BTW, you might want to look into that. You mentioned that you still wash your contacts. Honestly, I think you’re in the minority. I did that pretty religiously for the first year or so and then gave it up. With the Clear Care system, you don’t have to. you put it in that case and fill the vial with a Hydrogen Peroxide solution. The hydrogen peroxide cleans the lenses and reacts with the metal disc you see at the bottom of the holder. By morning (at least 6 hours later) it’s neutralized and they feel great. The downside to this is that once you put them in, you can’t put them back in your eyes for at least 6 hours and you still need to have regular contact lens solution on hand.

Oh, that’s another thing. What brand of solution are you using. I used to just use cheapest generic stuff I could find and when I started having problems, my eye doctor told me that all the generic stuff is made by the same company and it’s different the Opti-Free. The generic stuff doesn’t jive with lens made with hydrogel (which many/most are) so I needed to switch back to Opti-Free. That’s actually when I made the switch to Clear Care. But she felt that using the generic saline was causing some of the eye problems I was having (blurriness, not pain). FTR, I looked all this up and it’s true, she wasn’t just saying it.

I’ve been using Bausch & Lomb dailies, so whatever solution comes in those little plastic cases. And believe me, you can tell immediately when they’re in backward.

But again, I’ve been using the dailies, having tried the 30-day variety only that one time in June. But even then it was Bausch & Lomb, and the solution was their Re-Nu solution.

Not sure of the Clear Care system is available here, but that’s something I’ll check into, because the monthlies are a lot cheaper than the dailies.

Thanks for the info.

Re-Nu, that’s the name I was looking for. All the generics out there are rebranded Re-Nu and that’s what isn’t compatible with Hydragel. Looking online, B&L Dailies aren’t Hydragel, so it’s moot.

Do you’re eyes still hurt when your contacts are out or do they feel better then?
If they hurt 24 hours a day, then there’s probably something going on with your eye (a stye maybe? Blink ouch, blink ouch, blink ouch, but no redness, it’s like a little red zit on the very edge of your eyelid, very hard to see it). If as soon as you take your contacts out your eye feels better, then it’s a contact issue, but since you’re using dailies, that’s probably not it.

If these weren’t dailies, I’d say it was just time for a new pair.
For most people that wear 2 week or 30 day lenses, they don’t really pay attention to the calender and just swap them when they start bothering their eyes.
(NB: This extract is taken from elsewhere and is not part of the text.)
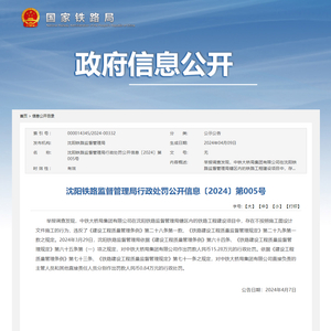 2024年3月29日,沈阳铁路监督管理局依据《建设工程质量管理条例》第六十四条、《铁路建设工程质量监督管理规定》第六十五条第(一)项之规定,分别对上述两家企业给予以下处罚:对中铁大桥局集团有限公司作出罚款人民币15.28万元的行政处罚;对中铁二十四局集团有限公司作出罚款人民币29.5545万元的行政处罚。

You get a pretty good feel for it after a while, but it’s probably about 50% longer then the box says you’re supposed to wear them.

When I first started wearing contacts (1998 or so) I had a lot of problems with them for the first year. But I was stubborn and stuck with it. After a year or so it was time for a new prescription. I mentioned the problems to the eye doctor and he asked what solution I was using. I said ReNu. ‘Well, there’s your problem. Change solutions.’ Turns out ReNu is a bit lackluster (though for some folks it’s fine). Perhaps it is better now in 2013, also. He switched me to Optifree and the problems went way, way down. I have switched again since then, but mainly because I don’t have easy access to my old brand anymore. But for me anything is better than ReNu and I won’t go near it again.

Just my 2 cents.

Sounds like you’re getting into presbyopia, and you’re certainly in the right age range. I was worried about getting bifocals, too, but honestly, I found them to be a relief. I guess I really needed them or something! Yes, there is an adjustment period and be careful going down stairs until you get used to them but as I said, they were a relief because I could read and do close up work again. Just wanted you to hear something positive about them.

Dailies FTW! Changed my life, no more fiddly, blind rubbing of invisible little contacts. Stick with the dailies, is my advice. You couldn’t pay me to go back, and I’ll only change for “laser eyes” now. (My friend had laser eye surgery, and assures us all that he now has “laser eyes” and can see us all naked.)